4. Make Log Data Structured
A common best practice for logging is to ensure that the data is structured. Unstructured log data makes it much tougher to store, index and search for log events when you’re troubleshooting. Having the data in a structured format requires specifying not just that something bad has happened within your application, but also which customer ID, for example, it happened to. When this data is sent to your monitoring tool, you’re now able to see that this customer was impacted by that issue, as well as what other issues may be impacting that customer.
5. Use APIs or Plugins
You want to minimize the changes you need to make to sustain your logging and monitoring integration. Utilizing APIs, webhooks or plugins from your error monitoring tool will help accomplish this. APIs tend to stay relatively constant to provide support for integrations from many systems, so using them to send or receive log data is recommended. Also, this can allow for alerting and notifications about issues uncovered in your log, provided to you via email or ChatOps systems.
Let’s ‘Log and Roll’
Log data contains some critical pieces of information about your applications and infrastructure, including databases.
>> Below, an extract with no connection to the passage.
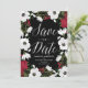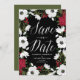 Individuell gestaltbare Ankündigung Datum freihalten mit weißen und roten Blume und modernen Kalligrafien. Dies ist Teil einer Hochzeitssuite "ANEMONE BLOOMS" - passende Artikel sind verfügbar.

Having this data stored in logging tools is very beneficial for collecting, aggregating, and viewing this data. But there are shortcomings and weaknesses that can be overcome by complementing your logging with error monitoring.
The ultimate goal is to keep your end users happy and have good customer stories. To do this, you want to use both logging and monitoring together, in an integrated fashion, to accomplish your goal. With the right logging tools or methodology and error monitoring tools, your developers and operations teams will be able to plan for and troubleshoot application issues much faster.
And that’s the benefit of having complementary tools: things just get done faster.